In den vergangenen Jahren wurde weltweit in der Öffentlichkeit immer häufiger über ein neuartiges Krankheitsbild diskutiert: Medienabhängigkeit. Die öffentliche Beachtung des Phänomens als eine Form der Verhaltenssucht begann 1995 mit der ursprünglich scherzhaften Einführung des Begriffs „Pathological Internet Use“ als eine Art Scheindiagnose durch den amerikanischen Psychologen Goldberg, um auf diese Weise Kritikern des neuen Mediums Internet zu begegnen. Im Verlauf hat sich allerdings gezeigt, dass Medienabhängigkeit beispielsweise in Form exzessiven Computerspielens oder Chattens im Internet, in der Tat auch in der deutschen Bevölkerung ein zunehmendes Problem darstellt. Mittlerweile stellt die Abhängigkeit von Internet und Computerspielen insbesondere bei Kindern und Jugendlichen eine zunehmende Herausforderung für das psychosoziale Versorgungssystem und die Gesellschaft als Ganzes dar. Für Betroffene und ihre Angehörigen ist es oft noch schwierig, kompetente und ortsnahe Hilfe zu finden. Um dieser Entwicklung Einhalt zu gebieten und im positiven Sinne eine Adaption an die exponentielle mediale Entwicklung zu ermöglichen bedarf es vor allem auch präventiver Maßnahmen. Im Hinblick auf Internet- und Computerspielabhängigkeit können die Forschungsergebnisse der klinischen Medienpsychologie Anregungen für eine in diesem Sinne präventiv wirksame Medienpädagogik geben, wobei es dabei nicht nur um die Vermittlung von Medienkompetenz sondern auch von Medienabstinenz geht.
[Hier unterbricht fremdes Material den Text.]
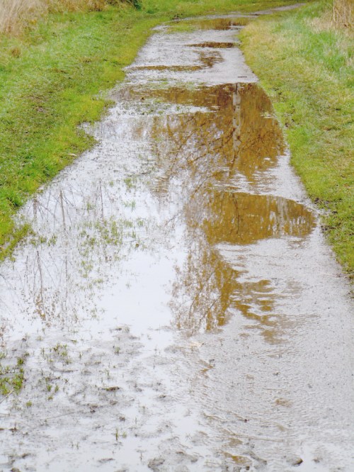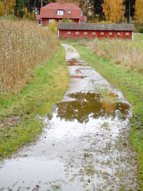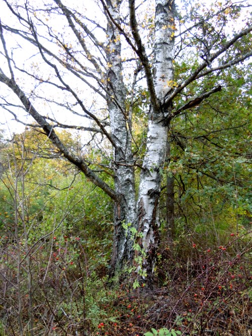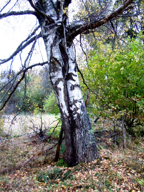 Det hade regnat hela natten och gångvägen bestod av pölar men det gick att komma förbi på gräskanten. Då vi kom upp i skogen mellan träden och buskarna gick solen i moln och plötsligt blev träden slingriga och påträngande. Urgamla björkar med spretiga grenar lite här och där som vägrade ge upp och sly, tistlar och rotvältor kantade stigen.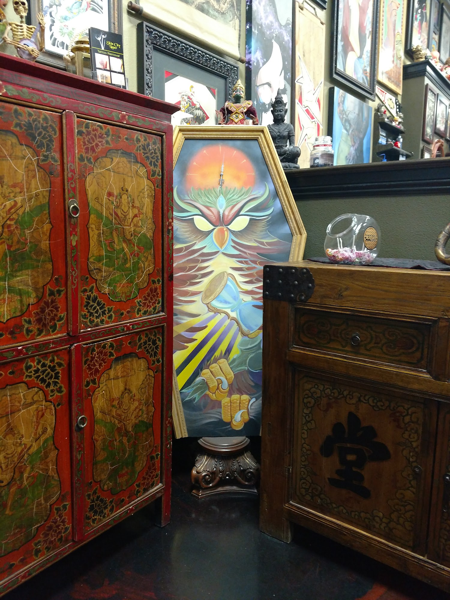 We are a Fully Custom Tattoo shop just minutes from the strip with 6 artists with a variety of styles to choose from. Call for a consultation or come by the shop. 702-558-0885 We are located at 5255 S Decatur Blvd. Ste 108 on the northwest corner of hacienda and Decatur, just a few blocks west of the Luxor.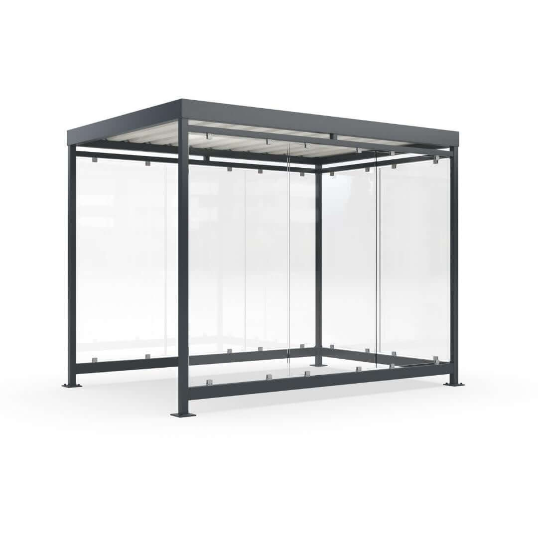 Het platte dak en de volledig stalen constructie bieden bescherming tegen regen wind en sneeuw. Tegelijk blijven niet-rokers uit de rook dankzij de strategische plaatsing van de wanden. Zo creëer je een veilige en hygiënische rookplek die voldoet aan de verwachtingen van gebruikers én facilitair beheer.

Dr. Bert te Wildt; Assistent in der Abteilung für Klinische Psychiatrie und Psychotherapie an der MHH; 11/2004 – Forschungspreis der Stiftung Lebensnerv für die Dissertation „Magisches Denken bei Multiple-Sklerose- Patienten“; 5/05 – Facharztprüfung für Psychiatrie und Psychotherapie; 4/05 – Suchtmedizinische Grundversorgung; 3/04-3/08 – Ausbildung in Gruppenanalyse, Gruppenanalytische Seminare (GRAS), Bonn; seit 10/05– Oberärztlicher Leiter der Poliklinik I, der psychiatrischen Zentralen Notaufnahme, des psychiatrischen Konsildienstes, der Institutsambulanz und des Sozialpsychiatrischen Dienstes der Klinik für Psychiatrie, Sozialpsychiatrie und Psychotherapie der MHH; 10/2006 – Wilhelm-Bitter-Preis (1. Platz) der Internationalen Gesellschaft für Tiefenpsychologie für den Beitrag „Erinnerung und Sehnsucht im Cyberspace“; 11/2008 – Mitgründung des Fachverbands Medienabhängigkeit und Wahl zum Vorstandsmitglied; seit 2/2009 – Leiter der Arbeitsgruppe „Medien- und Glücksspielabhängigkeit“ und stellvertretender Leiter des Center of Addiction Research (CARe) an der Klinik für Psychiatrie, Sozialpsychiatrie und Psychotherapie der Medizinischen Hochschule Hannover; 9/2009 – Habilitation an der Medizinische Hochschule Hannover und Zuerkennung der Lehrbefähigung für das Fachgebiet „Psychiatrie und Psychotherapie“ mit der Habilitationsschrift „Medialität und Verbundenheit – Zur psychopathologischen Phänomenologie und Nosologie von Internetabhängigkeit“.